Eggs, Butter, Flour, Sugar, Vanilla, and Family

Last night I made one of many batches of sugar cookies. In my family, it's a BIG tradition. It seems that every year about a bazillion or so cookies are baked, iced, and decorated. In fun shapes like santas, bells, Christmas trees, stars, angels, and gingerbread men. (We have a fun game where we decorate some gingerbread men to be anatomically correct :P)

I've been struggling with the Away-From-Home-Christmas blues lately....pretty strongly, in fact, and I needed something to cheer me up and help me feel like I wasn't so incredibly far away from home. I have been sharing my Christmas traditions with my staff and co-workers, in exchange for their Christmas traditions, and I've trying to look at this as an experience of a lifetime....Imagine, spending Christmas 15,000km away from home, in a foreign culture, and amazingly beautiful country. What an adventure. Don't get me wrong....I know I am blessed and I know I am lucky for this opportunity.

But some days... okay, most days over the past week or so... the adventure side of things hasn't really been enough to keep me from being sad about missing my family. So, next up on the agenda was making sugar cookies. What a better way to get into the festive mood?

I'll admit, there were some points during the sugar-cookie-baking process where I nearly teared up, but (surprisingly), I didn't. I started and stopped a few times, making excuses that I didn't have the stuff that I needed, that I was too tired, or that I just didn't feel like it.....

But some how, they got made.

It was very different making sugar cookies without my family (also, I had no measuring cup, an oven with only Chinese instructions/buttons, no cookie cutters, and no cookie sheet!), but they turned out to be a success. They are currently in the freezer waiting to be iced and decorated. I'm going to make a few more batches and then hand them out to some of my Malagasy and Expat friends over the holidays. I'm especially looking forward to giving some out to my Malagasy friends and explaining the history behind them.

So....last night I went to bed smelling like vanilla, butter, and sugar. And I felt pretty proud of myself for trying to do something to get myself out of my Christmas blues.

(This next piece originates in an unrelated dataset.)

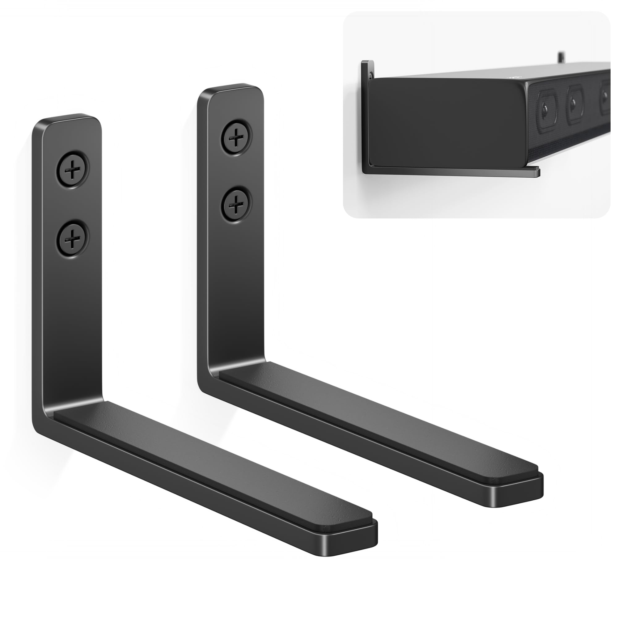 ๐๐ป๐๐ถ-๐๐น๐ถ๐ฝ & ๐๐๐ฟ๐ฎ๐ฏ๐น๐ฒ: Keep your sound bar safe and sound. Our sound bar mounting brackets under TV come with non-slip silicone pads. No more sound bar surprises. Handle up to 20 lbs and 5 inches wide? No problem ๐ช๐ถ๐ฑ๐ฒ ๐๐ผ๐บ๐ฝ๐ฎ๐๐ถ๐ฏ๐ถ๐น๐ถ๐๐: Fits most sound bars and holds them tight. Perfect Dolby Atmos support, designed for Samsung, Sony, LG, Vizio, Bose, Saiyin, TCL, Sonos, Polk Audio, Roku, JBL, Hisense, Harman Kardon, Denon, Rca, Nakamichi, Klipsch, Insignia, Majority, Panasonic and so on ๐ฆ๐น๐ฒ๐ฒ๐ธ, ๐ฆ๐ถ๐บ๐ฝ๐น๐ฒ, ๐ฆ๐๐๐ป๐ป๐ถ๐ป๐ด: Elevate your entertainment. It's a perfect complement to your sound bar. Our soundbar wall mount bracket is a work of art that enhances your home theater ๐๐ฎ๐๐ ๐๐ผ ๐๐ป๐๐๐ฎ๐น๐น: Our soundbar shelf comes with everything you need for a quick and easy installation. Mount it and forget it. Install in a snap, leaving you with a cleaner, more stylish home theater ๐ก๐ผ๐ป-๐ฆ๐น๐ถ๐ฝ ๐ฃ๐ฎ๐ฑ๐: Upgrade your setup with our non-slip soundbar stand. Our soft silicone pads keep your soundbar securely in place without damaging your equipment. Enjoy your movie nights with family and friends

This morning, I got some truly sad news. Two of my co-workers lost one of their parents over the weekend. This is very tragic news, especially because one of them is from the Philippians and she won't get home for a few days.

I was able to catch my Filipino collegue before she left, I gave her a quick hug and told her how sorry I was for her loss. As I choked back tears, I felt speechless, but somehow I managed to try and stay positive, telling her that she will be with her family very soon, and that I hoped that she was kind to herself and that I would be thinking about her over the holidays. She is in for a very, very rough Christmas. Her mother is passed away, so it just her and her brother. She is a very, very kind person, and I was surprised to realize how much I cared about her and her well being. I guess things like that can sneak up on you.

So while I'm thinking about my holidays and being sad that I'm not with my family, I am at the very least comforted to know, that they are on the other side of the world thinking about me, and that I'll see them in March, and that they are just a phone call or an email away.... and doing just fine.

So this year, even though I'm not celebrating the holidays together, the fact that we'll get to see each other in a few months, is something to be amazingly thankful for.